Assignment>
Return nothing but the lines from the one with "Plaques en fonte" through the one with "右後ポケット下の「てんとう虫」の刺繍がアクセントです。" in the data below, word for word and without pictures.

•••

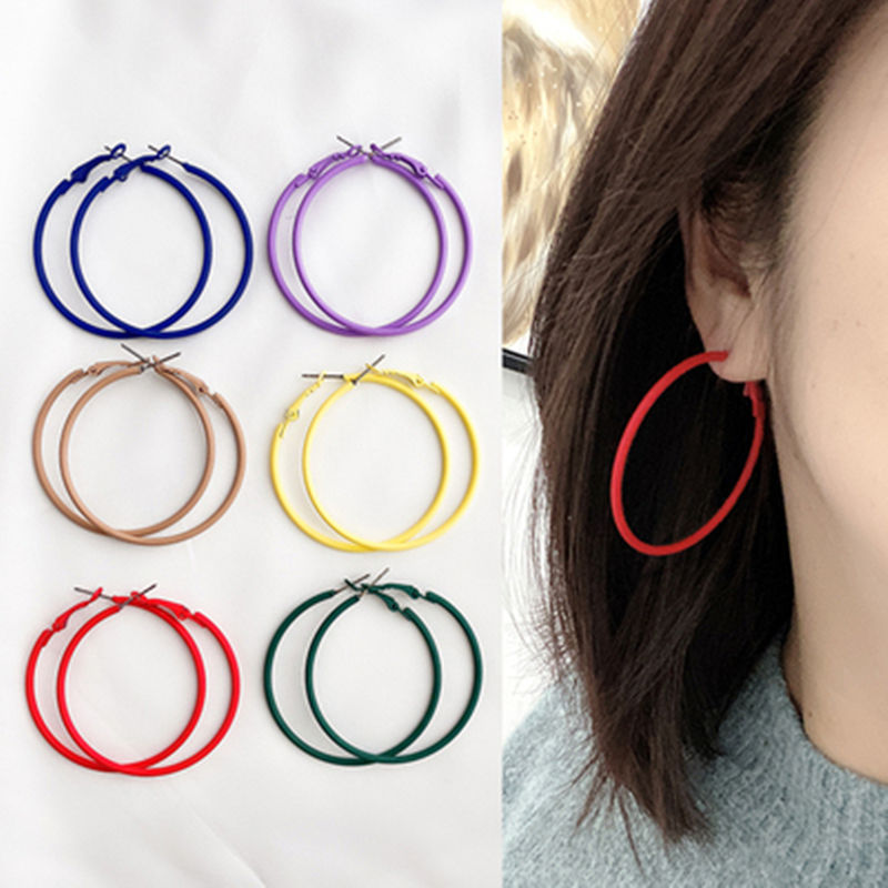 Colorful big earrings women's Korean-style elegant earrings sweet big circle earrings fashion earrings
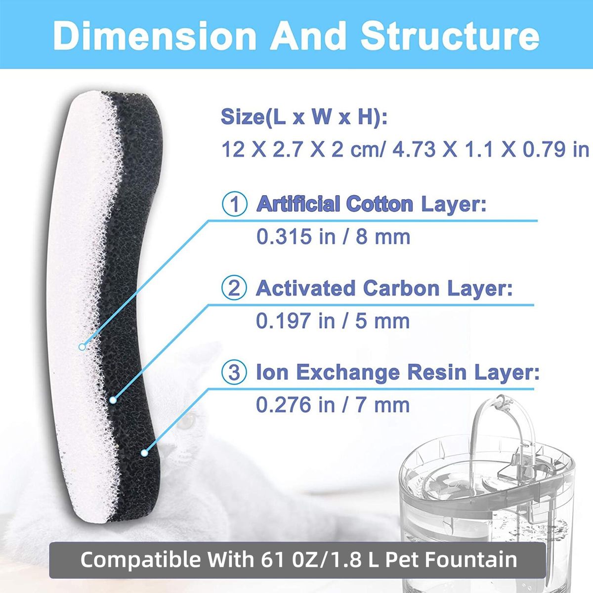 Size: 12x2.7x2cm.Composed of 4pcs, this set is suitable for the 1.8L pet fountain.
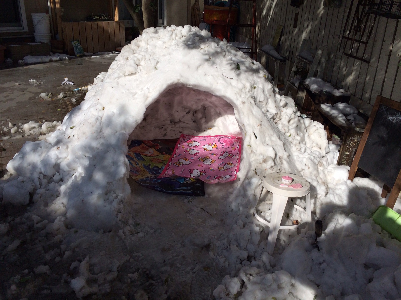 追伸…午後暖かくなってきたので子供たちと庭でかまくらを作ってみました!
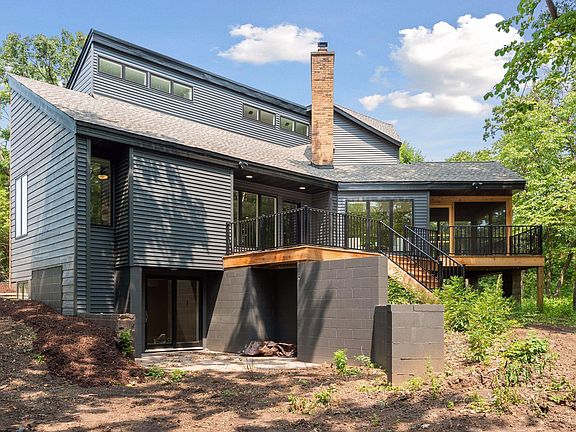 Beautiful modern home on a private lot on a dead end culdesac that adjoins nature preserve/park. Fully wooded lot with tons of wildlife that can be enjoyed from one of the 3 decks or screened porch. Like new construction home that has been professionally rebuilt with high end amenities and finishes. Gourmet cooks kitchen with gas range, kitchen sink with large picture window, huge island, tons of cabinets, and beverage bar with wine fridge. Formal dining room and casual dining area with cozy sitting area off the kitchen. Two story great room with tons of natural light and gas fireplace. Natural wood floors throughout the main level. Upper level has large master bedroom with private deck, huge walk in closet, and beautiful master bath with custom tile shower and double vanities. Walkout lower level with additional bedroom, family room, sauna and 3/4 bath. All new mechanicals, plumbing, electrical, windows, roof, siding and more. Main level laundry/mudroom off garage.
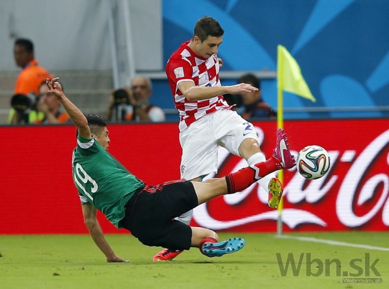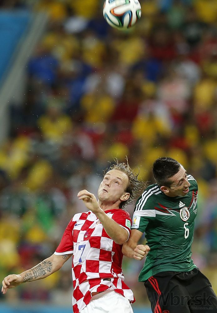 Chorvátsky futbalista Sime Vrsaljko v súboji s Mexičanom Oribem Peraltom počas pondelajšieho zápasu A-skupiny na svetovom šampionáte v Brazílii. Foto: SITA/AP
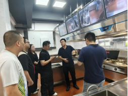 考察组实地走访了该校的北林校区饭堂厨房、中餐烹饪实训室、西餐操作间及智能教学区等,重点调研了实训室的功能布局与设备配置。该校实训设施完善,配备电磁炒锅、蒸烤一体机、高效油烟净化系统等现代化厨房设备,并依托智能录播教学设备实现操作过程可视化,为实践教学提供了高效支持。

•••

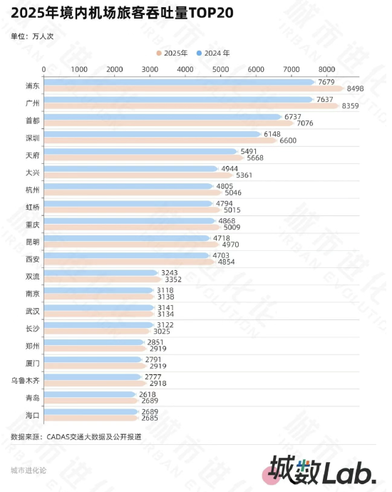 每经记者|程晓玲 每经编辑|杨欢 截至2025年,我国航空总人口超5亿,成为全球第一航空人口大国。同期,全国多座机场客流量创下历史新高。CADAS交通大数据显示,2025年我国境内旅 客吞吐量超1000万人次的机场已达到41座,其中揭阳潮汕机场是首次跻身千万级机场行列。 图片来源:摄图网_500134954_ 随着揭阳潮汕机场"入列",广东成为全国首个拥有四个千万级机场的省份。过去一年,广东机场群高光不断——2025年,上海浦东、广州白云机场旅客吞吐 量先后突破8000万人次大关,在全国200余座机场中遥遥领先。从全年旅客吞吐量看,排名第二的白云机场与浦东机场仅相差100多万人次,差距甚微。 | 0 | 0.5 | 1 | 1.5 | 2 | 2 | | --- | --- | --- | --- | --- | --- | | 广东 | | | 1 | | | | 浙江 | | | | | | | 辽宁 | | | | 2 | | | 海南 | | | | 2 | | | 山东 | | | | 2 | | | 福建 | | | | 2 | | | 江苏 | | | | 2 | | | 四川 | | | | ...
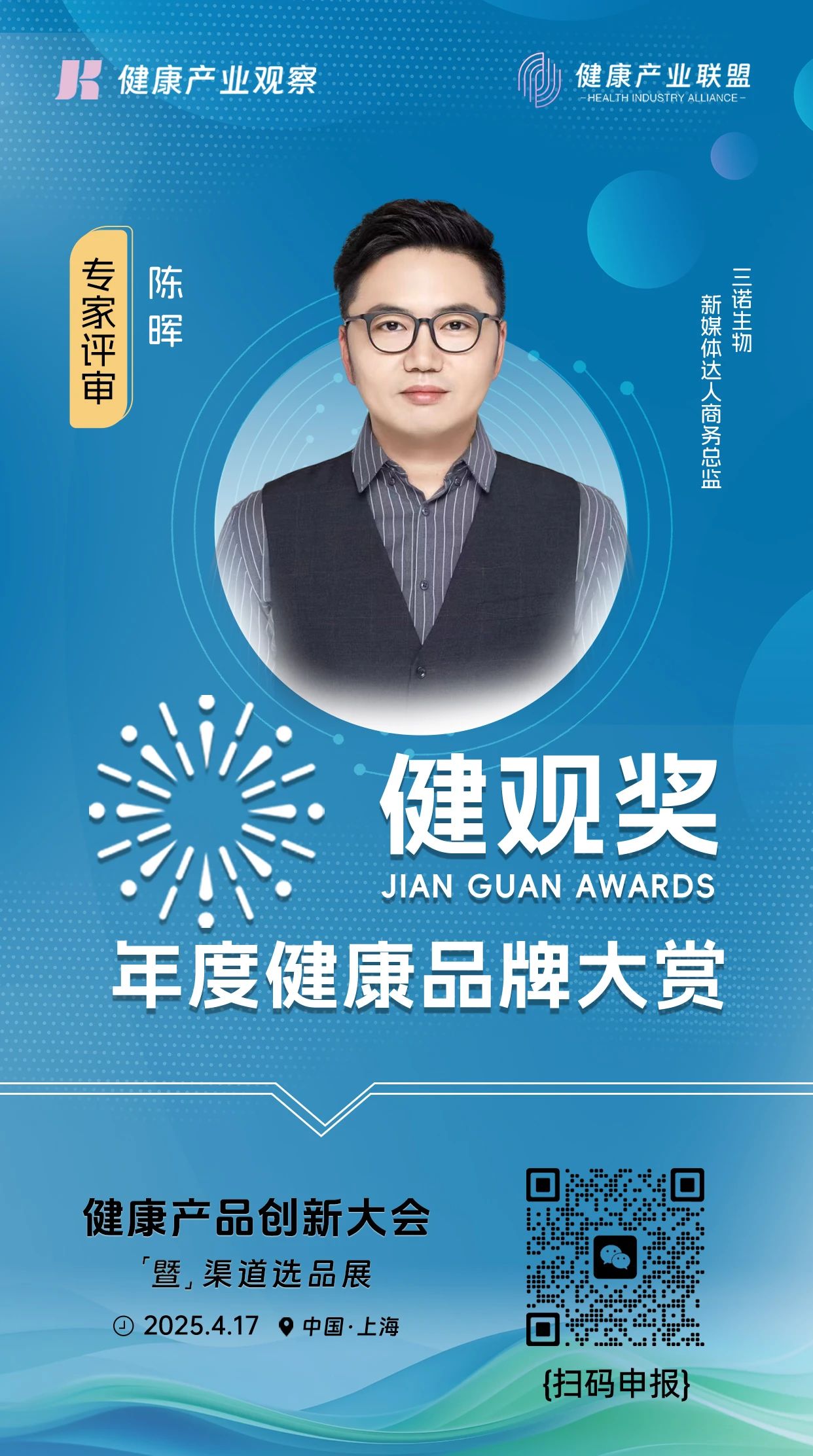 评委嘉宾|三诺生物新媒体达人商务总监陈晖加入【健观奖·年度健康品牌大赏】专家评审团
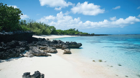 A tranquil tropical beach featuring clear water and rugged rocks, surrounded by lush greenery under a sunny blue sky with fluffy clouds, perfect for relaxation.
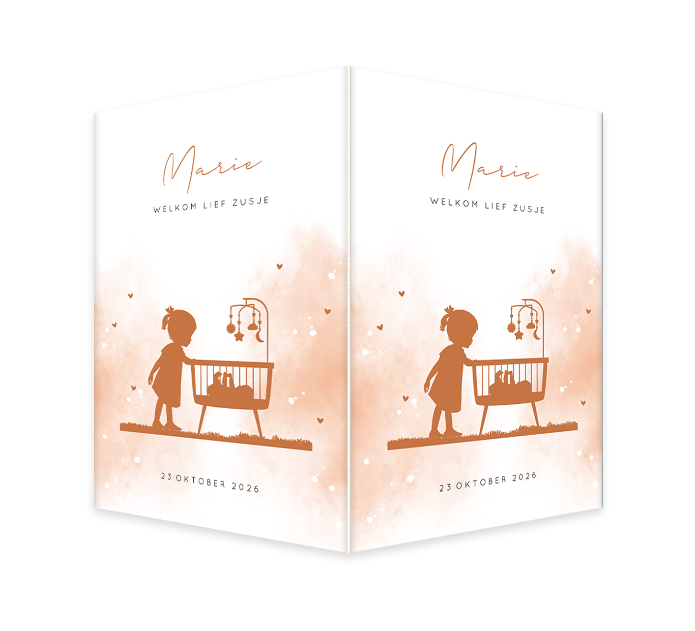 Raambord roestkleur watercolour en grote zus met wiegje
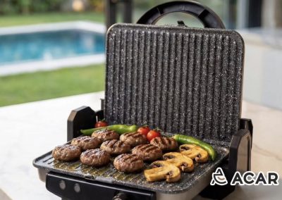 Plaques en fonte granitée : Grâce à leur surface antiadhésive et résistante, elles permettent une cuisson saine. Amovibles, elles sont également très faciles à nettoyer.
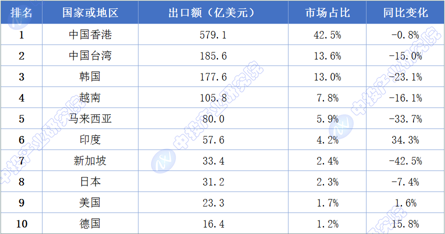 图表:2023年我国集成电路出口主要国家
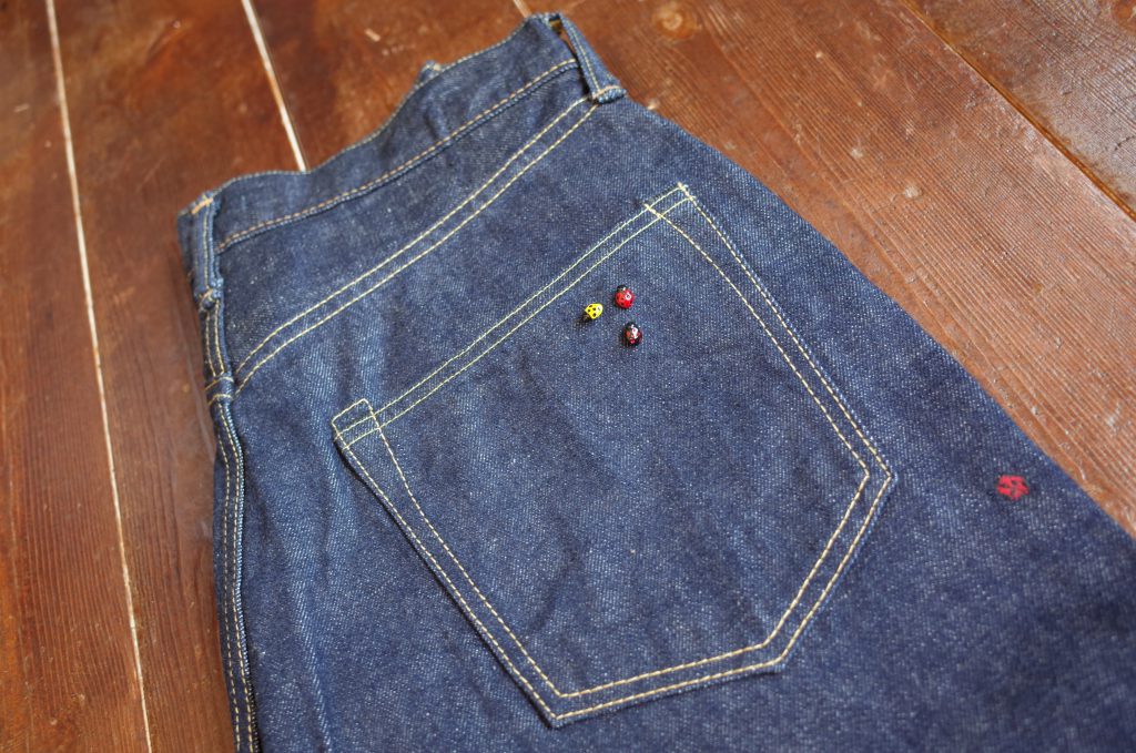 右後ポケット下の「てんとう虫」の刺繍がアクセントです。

•••

Worked solution>
 Plaques en fonte granitée : Grâce à leur surface antiadhésive et résistante, elles permettent une cuisson saine. Amovibles, elles sont également très faciles à nettoyer.
 图表:2023年我国集成电路出口主要国家
 右後ポケット下の「てんとう虫」の刺繍がアクセントです。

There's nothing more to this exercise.